The Contagion

 Frank Boreham

      Frank Boreham was ordained a Baptist Minister but had preached before Presbyterian, Methodist, Baptist, Congregational and Church of England congregations for many years in Australia. He was the author of forty-eight books and a regular columnist for The Melbourne Age from 1936 to his death in 1959. This article is reprinted from The Melbourne Age, July 10, 1954.

      The most vital factor in a man’s complex composition is his own distinctive personality; and the most dynamic prerogative possessed by his personality is its infective quality.

      Just as a powerful magnet infects with its own magnetism every steel filing that it attracts to itself, constituting it a magnet in its own right, so each man’s individuality automatically communicates its inherent bloom or blight to everyone and everything that he happens to touch.

      In their own essence, inanimate and insensate things like sticks and stones are ethically neutral; they are neither moral nor immoral; they are non-moral; they are incapable alike of goodness and of badness; they lie beyond the ambit of all such arbitrary classifications. But the moment they come into any kind of relationship with man they catch the contagion of his virtues and his vices. For better or for worse, all substances, whether as pliable as wax or as inflexible as granite, fall under his authority, become assimilated to him and acquire the commendable or detestable qualities of their owner.

      In his best-known novel, Dr. George Macdonald pictures Malcolm arranging his fish for sale on the beach at Portlossie. A woman approaches and asks Malcolm if the fish are good or bad. “That depends!” the salesman cryptically replies. “How can it depend?” demands the prospective purchaser. “Well you see,” the young fisherman explains, “if a bad man buys these fish and they nourish him for his badness, they are bad fish; whereas, if a good man buys them and they strengthen him for his goodness, they are good fish!”  The principle is of universal application.

      Here, let us suppose, sits a man at his desk. A sheet of paper is spread out before him and a drop of ink trembles at the point of his pen. In themselves the paper and the ink are totally destitute of ethical tendencies. But think of the possibilities, for weal or for woe, that open up to them through their association with him!

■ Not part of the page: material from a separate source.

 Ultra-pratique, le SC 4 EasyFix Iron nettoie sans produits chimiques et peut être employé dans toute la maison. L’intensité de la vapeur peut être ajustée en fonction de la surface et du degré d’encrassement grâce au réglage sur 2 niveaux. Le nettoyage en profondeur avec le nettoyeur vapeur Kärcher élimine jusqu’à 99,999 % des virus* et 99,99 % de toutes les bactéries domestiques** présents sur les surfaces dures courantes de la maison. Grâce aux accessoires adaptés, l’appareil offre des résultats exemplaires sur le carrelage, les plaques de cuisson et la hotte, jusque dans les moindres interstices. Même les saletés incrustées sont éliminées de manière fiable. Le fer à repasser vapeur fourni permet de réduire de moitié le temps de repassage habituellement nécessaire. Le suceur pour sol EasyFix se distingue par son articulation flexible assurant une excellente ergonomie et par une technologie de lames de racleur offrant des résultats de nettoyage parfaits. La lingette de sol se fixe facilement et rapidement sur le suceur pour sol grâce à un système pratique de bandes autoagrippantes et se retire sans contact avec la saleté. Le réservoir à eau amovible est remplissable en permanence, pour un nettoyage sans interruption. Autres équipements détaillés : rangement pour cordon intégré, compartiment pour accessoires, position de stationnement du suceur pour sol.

      With that sheet of paper and that drop of ink a poet could set the whole world singing and could impart to the fluttering folio a high commercial value. With that sheet of paper and that drop of ink a millionaire could scribble a few words that would endow with enormous wealth the happy recipient of the document. With that sheet of paper and that drop of ink a statesman could write a declaration of war that would turn the earth into a shambles.

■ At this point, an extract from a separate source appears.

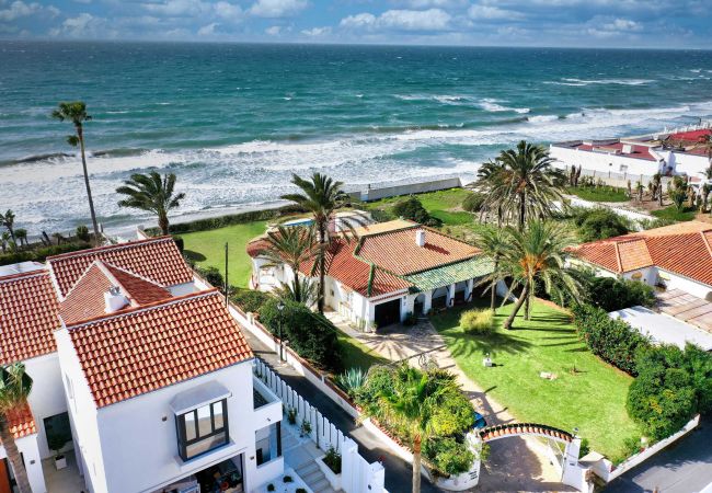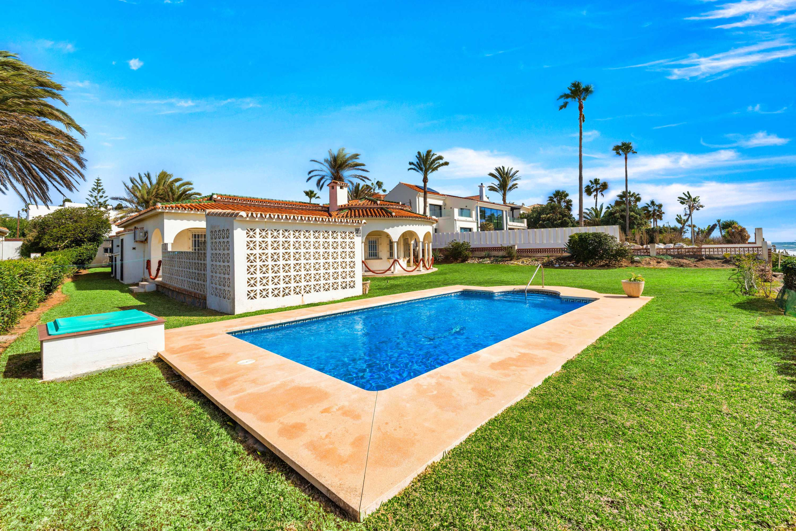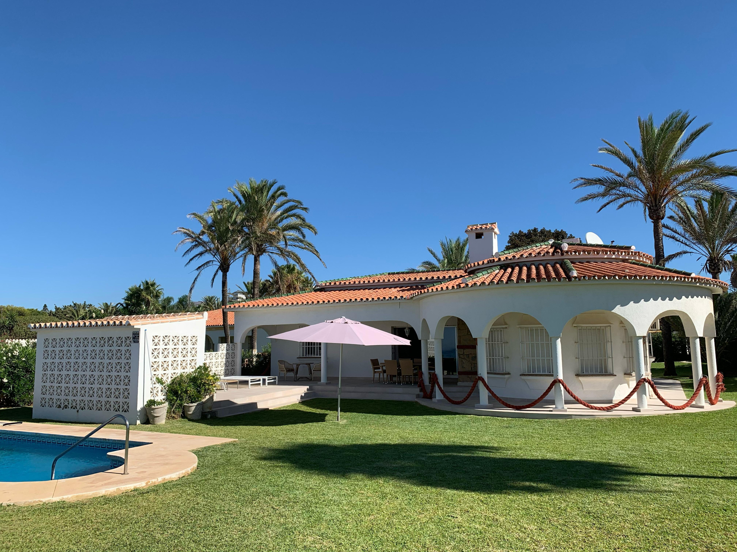 Villa à Marbella qui possède 3 chambre(s) et Capacité pour 7 personnes. Logement de 200 m² accueillant et extérieur, situé en front de plage, avec vue sur la mer et le jardin. La location se trouve à 0 m de la gare, 5 m de la plage de sable "marbesa beach", 35 m de l'aéroport "malaga", 200 m de la cafétéria "2000 cafee", 300 m du restaurant "sinbad", 700 m de la gare routière "reserva", 900 m du supermarché "open cor", 2 km du domaine de Golf "elviria", 3 km de l'hôpital "costa del sol", 7 km de la ville "marbella", 35 km de l'aéroport "malaga" et il est situé dans une zone idéale pour familles zone et près de la mer.Elle dispose de jardin, mobilier de jardin, clôture, 20 m² de terrasse, lave-linge, sèche-linge, barbecue, fer à repasser, accès internet (wifi), sèche-cheveux, alarme, chauffage électrique, climatisation, piscine privée, garage même bâtiment, 1 Télévision, tv satellite (Langues: Espagnol, Anglais).La cuisine américaine, à vitrocéramique, est équipée avec réfrigérateur, micro-ondes, four, congélateur, lave-vaisselle, vaisselle/couverts, ustensiles/cuisine, cafetière, grille pain, bouilloire et presse-agrumes.

      The same is, of course, true of money. The moment a man earns a pound, that pound becomes part and parcel of his own personality. If he be a good man the pound will be a good pound and will be so spent and so administered as to give a fillip to all that is most wholesome and uplifting in the community. If he be a bad man, the pound will be a bad pound, and, in its investment, will infect with its owner’s taint all that it touches in its flow.

      Money is what we ourselves make it; from the moment at which it becomes ours it bears our own image and superscription.

      Since a man’s fingertips constitute themselves the magic wands by which he transmutes everything he touches into radiations of himself, it follows that the world through which he moves is simply himself a million times magnified.

      Each man creates his own world, and creates it in his own image. To a bad man, the world wears a sinister aspect; the sad man finds it a vale of tears; around the glad man’s path the loveliest flowers are blooming; whilst the good man is embarrassed by the wealth of goodness that meets him at every turn.